PROCESSO nº 0000093-27.2013.5.11.0017 (RO)

RECORRENTE: SHIRLEY DO NASCIMENTO DE SOUZA

RECORRIDO: NOKIA DO BRASIL TECNOLOGIA LTDA

RELATOR: RUTH BARBOSA SAMPAIO

EMENTA

INDENIZAÇÃO POR DANOS MORAIS E MATERIAIS. DOENÇA OCUPACIONAL. Restou provado nos autos que, em razão de seu labor na reclamada, a reclamante teve agravadas doenças ocupacionais, fazendo jus, portanto, à reparação civil, devendo ser observados os princípios da proporcionalidade e razoabilidade para quantificação dos valores deferidos. HONORÁRIOS ADVOCATÍCIOS. Em razão do permissivo legal inserido no artigo 769 da CLT, são devidos os honorários obrigacionais previstos nos artigos 395, 389 e 404 Código Civil, visando restituir integralmente os danos sofridos pela reclamante e enaltecendo a profissão do advogado, como fez nossa Constituição Federal, em seu artigo 133. Recurso da reclamante conhecido e parcialmente provido.

RELATÓRIO

Vistos, relatados e discutidos estes autos do Recurso Ordinário, oriundos da 17ª. Vara do Trabalho de Manaus, em que são partes, como Recorrente, SHIRLEY DO NASCIMENTO DE SOUZA e, como recorrida NOKIA DO BRASIL TECNOLOGIA.

A reclamante alegou em sua peça inicial (id 19831), que laborou para a Reclamada no período de 01/03/2010 a 17/09/2012, em jornada de segunda-feira a sábado, cumprindo jornada no 2º turno, das 15:20horas às 23:27horas, tendo como último salário a importância de R$ 1.051,60, sendo R$ 4,78/hora. Informa que laborou no setor de Produção, em postos de montagem de aparelhos celulares, em linhas repetitivas, com exigência de esforço em ombros e punhos.
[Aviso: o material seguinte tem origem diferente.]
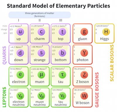 上表中所示的粒子,连同爱因斯坦的引力理论,解释了物理学中所有的观测结果,只有少数例外(大部分在天文学中)。特别是,我们在日常生活中遇到的所有事物最终都是由这些粒子相互作用产生的。单独的相互作用是相当简单的,但是把它们放在一起就会增加我们观察到的事物的复杂性,就像一个复杂的机器,其中每个组件都根据简单的规则进行自己的行为。

Informa que em razão do labor começou a sentir dores nos OMBROS, sendo recomendado o afastamento do local de trabalho por motivo de dor e limitação funcional, no entanto, ao procurar o serviço médico da reclamada era medicada e liberada para trabalhar. Realizou exames médicos (ultrassonografias) sendo diagnosticado as seguintes patologias no ombro esquerdo: em 25.07.2012 - redução importante do espaço sub-acromial; em 08.08.2012- tendinopatia, tendão supra-espinhoso, bursite, bursa subacromial/subdeltoidea, atropatia, articulaçao acromio-clavicular e em 25.08.2012 - acromio tipo I, tendinopatia e bursite. Assevera que teve perda considerável da capacidade lavorativa, acarretando além da dor física e psicológica, uma vez que foi contratada em perfeito estado de saúde, conforme atesta seu ASO - Atestadode Saúde Ocupacional Admissional. Aduz que laudos médicos datados de 12.09.2012 e 03.10.2012, indicam que estava em tratamento médico e que continuava doente após seu desligamento. Assevera que com sua demissão restou prejudicado seu tratamento, pois houve o cancelamento do plano de saúde. Alega que sua demissão foi arbitrária, pois a reclamada ignorou sua inaptidão, bem como deixou de garantir seu direito à assistência previdenciária garantida por lei. Em razão do exposto requer a anulação da rescisão contratual e sua reintegração à função exercida com imediato encaminhamento ao INSS, bem como a condenação da reclamada ao pagamento de todos os salários e demais verbas contratuais devidas desde o desligamento até a efetiva reintegração. Requer, ainda, indenização por danos morais (R$105.160,00); indenização por danos materiais - dano emergente e lucros cessantes (R$77.323,56);e honorários advocatícios no percentual de 20%; emissão de CAT e, por fim, os benefícios da Justiça Gratuita.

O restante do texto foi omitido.